I think it’s safe to say that everyone in the technology industry was shocked by last week’s Amazon Web Services outage. As one of the major backbones of cloud-based Internet services, Amazon’s issues affected everything from Disney+, Netflix and Roku streaming to services such as Venmo and CashApp to the company’s own delivery drivers. Although this was unprecedented for Amazon, it was definitely a wakeup call to anyone who relies on cloud hosting services. And it underscored the need for true SaaS-based, multi-region “high availability” solutions to support resiliency in modern data architectures.

Between a blip and a disaster

According to Amazon, the issue originated in its US-East-1 region in Virginia. Of course, Amazon’s services include high availability within its East, West and other global regions, so if there’s an issue in one datacenter or zone within a single region, workloads can be routed to different locations within the same region to ensure uptime. This incident was so shocking because the number of core services affected in a single region increased the blast radius so significantly.

Yet, it might not qualify as a true “disaster” as defined in most disaster recovery planning. Those are natural events (hurricanes, tornadoes, tsunamis) or man-made (accidental/intentional, terrorism, hacking) that cause a long-term disruption to the business. In this case, there was no natural event or obvious intentional sabotage that would clearly impact availability longer term. While companies could have implemented their disaster recovery plans, doing so would have come with costs: potential loss of a limited amount of data, absorption of employee resources to implement the plan, the time necessary to reverse the changes once the incident had passed, if it wasn’t permanent. There was no way to know how temporary or long lasting this incident might be so executing a disaster recovery plan could have placed an additional and unnecessary burden on the business.

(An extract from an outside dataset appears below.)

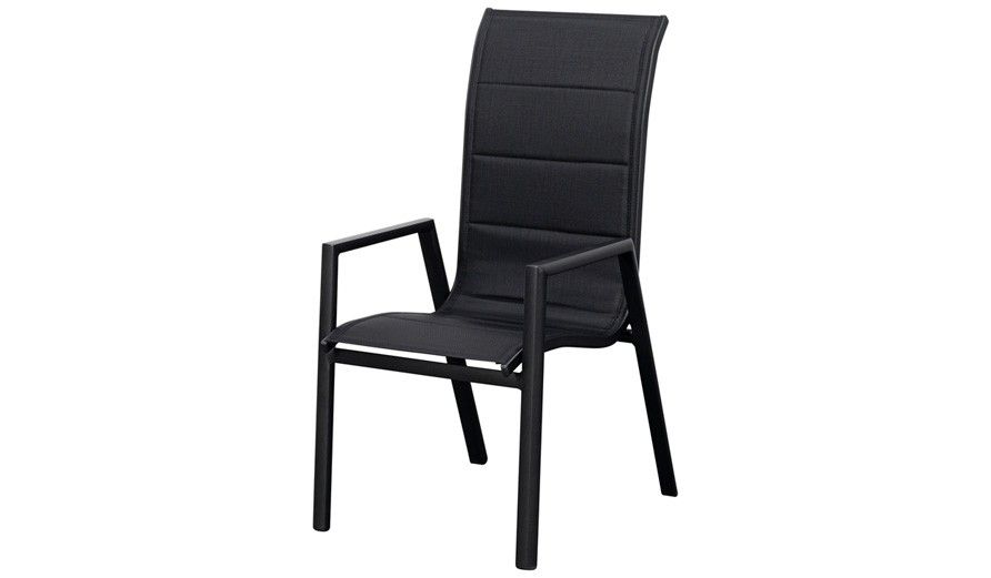 Im Vergleich zu klassischen Gartensesseln bietet der 55 x 65,5 x 106,5 cm Stapelsessel Hochlehner eine stark verlängerte Rückenlehne. Die Lehne stützt den Rücken und ermöglicht eine besonders entspannte Haltung - ideal für lange Abende auf der Terrasse oder ein ausgedehntes Sonntagsfrühstück im Garten. Die gepolsterte Kunstgewebebespannung trägt darüber hinaus zu einem rundum angenehmen Sitzgefühl bei. Zusätzliche Auflagen sind nicht nötig.

That still leaves a gap between normal operations and full-on disaster recovery – a gap that can cause major issues. Many software companies today pride themselves on the “five nines” – 99.999% uptime in a given year. Some even include that SLA in their contracts. Even though this incident lasted less than a day, it was potentially enough to drop affected companies’ uptime for 2021 from five nines to three: 99.9%. They lost two orders of magnitude in one incident.

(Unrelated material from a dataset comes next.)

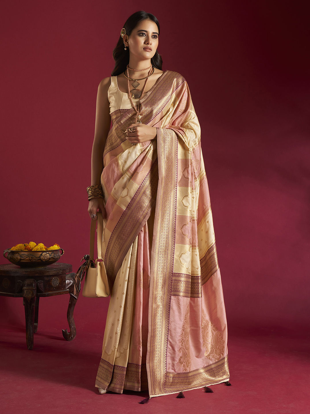 Banarasi Silk Traditional Saree in Beige and Brown with Weaving work

In the critical path of data

For modern enterprises who rely on data to run their internal operations, uptime and availability are just as important, and in the modern data architecture, the entire system is only as reliable as its weakest link. This is especially critical right now for industries like banking where the movement of money, and in fact the entire system, relies on the flow of data. But this will become increasingly important across all industries as data becomes more and more essential to core business functions.

That means when you’re picking your database, your ETL provider, and your BI tools, availability needs to be a key “non-functional” factor you evaluate as part of your buying process along with any features you need. When it comes to data control and security solutions, ALTR’s availability is unmatched. Because we interact with and follow data from on-prem through the ETL process to the cloud, we’re in the critical path of data, making it crucial that our service keep up with the rest of the data ecosystem. Our answer is multi-region, high availability built into normal operations via a true multi-tenant SaaS solution. Because SaaS allows economies of scale, we don’t have to build and maintain dedicated single-customer infrastructure in multiple geographic regions. We just have to construct ALTR infrastructure in multiple geographies for all our customers to leverage, significantly reducing cost and complexity.

Disruption doesn’t have to slow you down

This incident highlighted a weakness in resiliency planning: what happens when something less than a disaster causes a significant disruption to the business? We don’t think the uptime guarantees many have trusted to date are strong enough for today’s business environment, especially for business-critical data infrastructure. The future is high availability based on multi-region redundancy – we expect this to be a broad and consistent theme across industries. And for essential data control and security, that means ALTR.